Thursday, 16 October 2014

No Competition Here!!

Last month in school they had a mommy and baby day.... 

its was really sweet... all the mommies were there and one daddy and the theme of the day was vegetables.

So we started out with some vegetable printing... that was not easy... he's a messy painter!!!! no sense of what goes where .. just splat splat spread spread color everywhere... and whats worse, he mixed the yellow and green and orange and our painting was this awful mucky color!!

he ha ha ha ha ha ha!!

next they played some games. One was where the kids were given a vegetable like a potato or a lady finger and then they would place more of them all around the room and the kids had to get another of what they had... siddy loved this game... and every time he came back with the right one!

Then came the races... so they placed three potatoes three lady fingers three mini brinjals in a row at regular intervals and the kids had to race to one bring it back to his mum then go for the other and so on and so forth...

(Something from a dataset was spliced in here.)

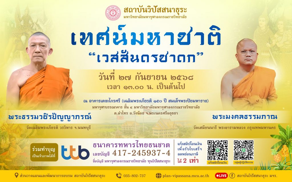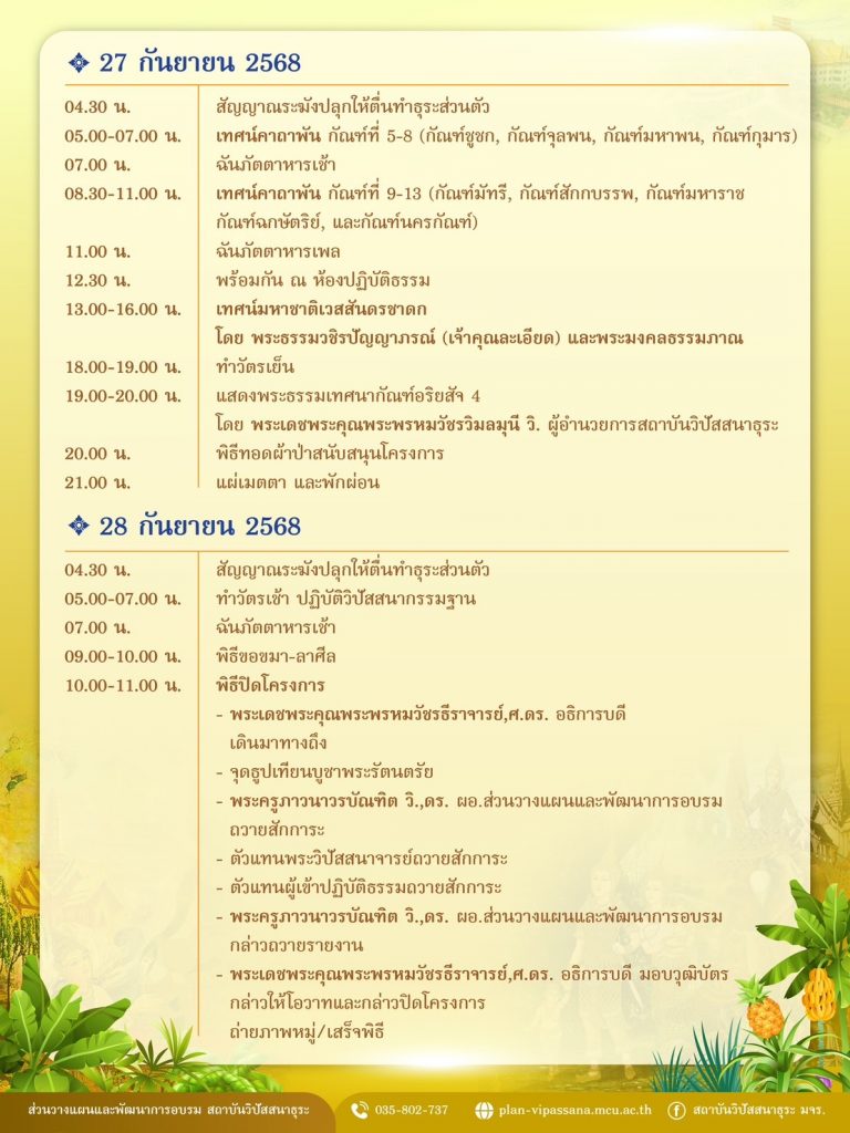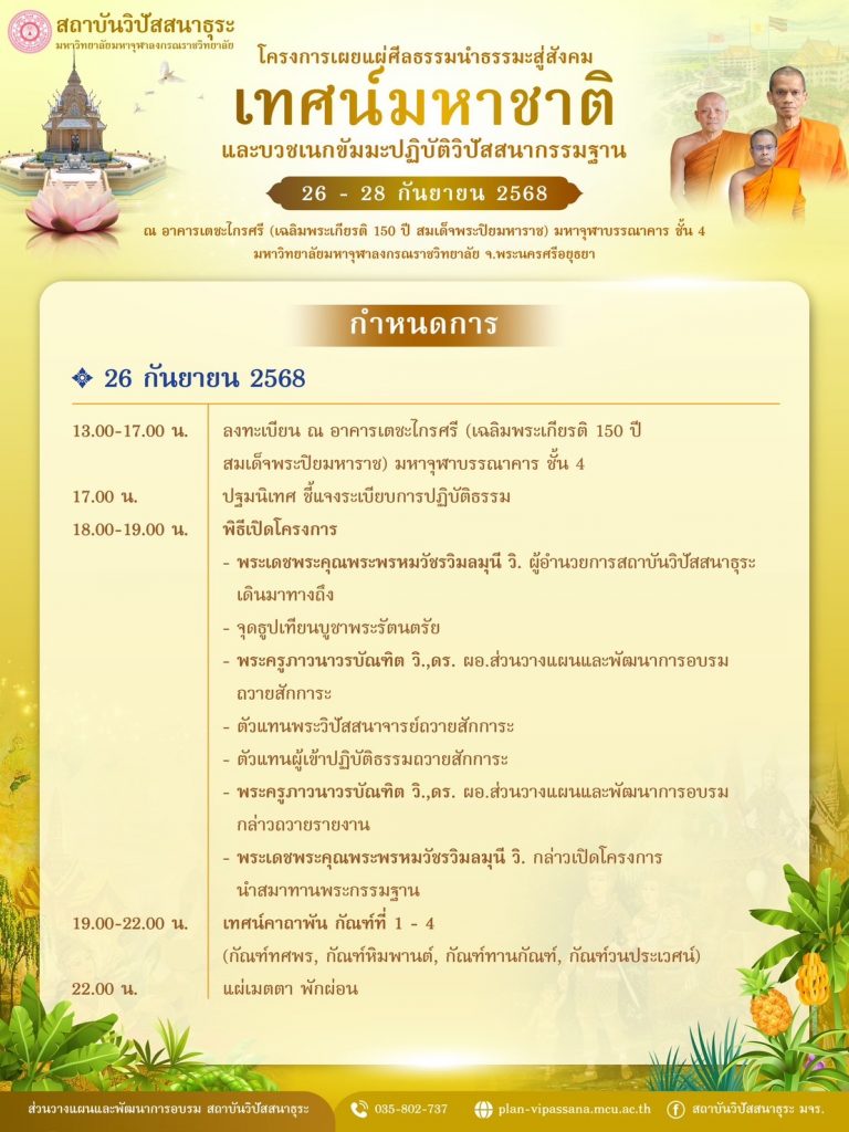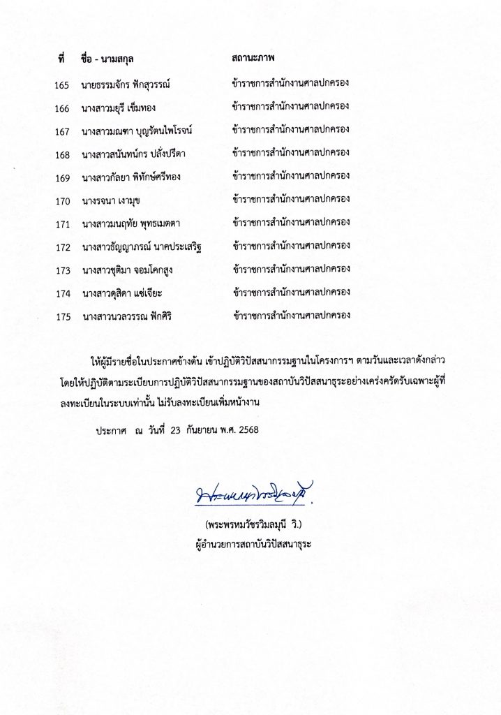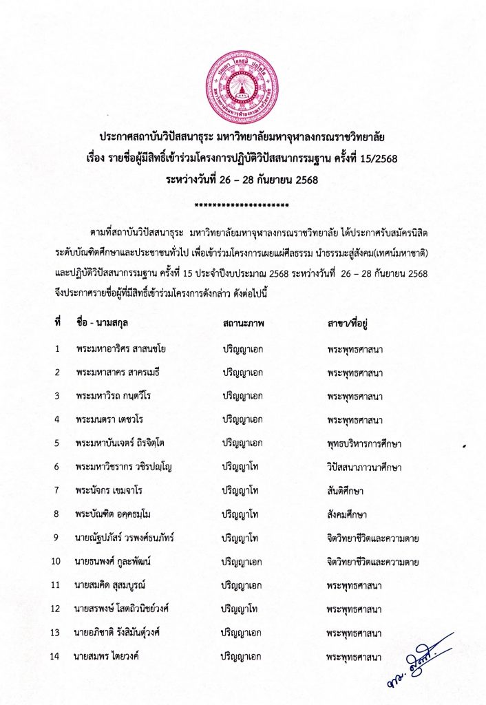 ประกาศรายชื่อผู้มีสิทธิ์เข้าร่วมโครงการปฏิบัติธรรม 26-28 ก.ย.68

Now while the other kids ran around siddy was very excited... then came our turn... we had to get them potatoes...

ready steady go...

and the other two kids go running and what does mine do? he cheers them on... and points to the veggies they have missed!!!!!

not one competitive bone in that little thing!!!

it was really funny... other kids were picking his potatoes and giving them to him and all he did was say thank you to them and turned to smile at me....

and what did i do... smile right back!!!

its adorable you know in a way... that he doesn't go nuts trying to "beat" everyone and thats not even a trait i would want in him... he enjoyed cheering everyone on and well everyone else gave him what he needed so i guess it worked out alright then!!!

I'm sure there is enough time in the world for him to get competitive... but is that really all I want for him?

Nope... i want him to get what he wants... if he wants to win a race then I will encourage him to run faster... but if he thinks its ok to not always win then I will encourage him to do just that...

Competition is healthy... in fact I recently spoke to a friend of mine who didn't put her son in one of these new age schools because they do not encourage sports or any competitive activity... and she wanted her kid to enjoy healthy competition...

But I also know lots of mums who did put their kids there...

So I guess as long as your kid is happy doing what he does... and gets by alright... there really is no reason to push them right...

I mean after all he did get all his veggies right in the first game... that accounts for something!!


Spot us?


Here we are doing our own thing!!


See... See how pretty i was making it...... wish I had a picture of the muck he turned it into!!




Sunday, 12 October 2014

Losing me

So that feeling is finally hit me... The 'I'm a mom and nothing else' feeling. 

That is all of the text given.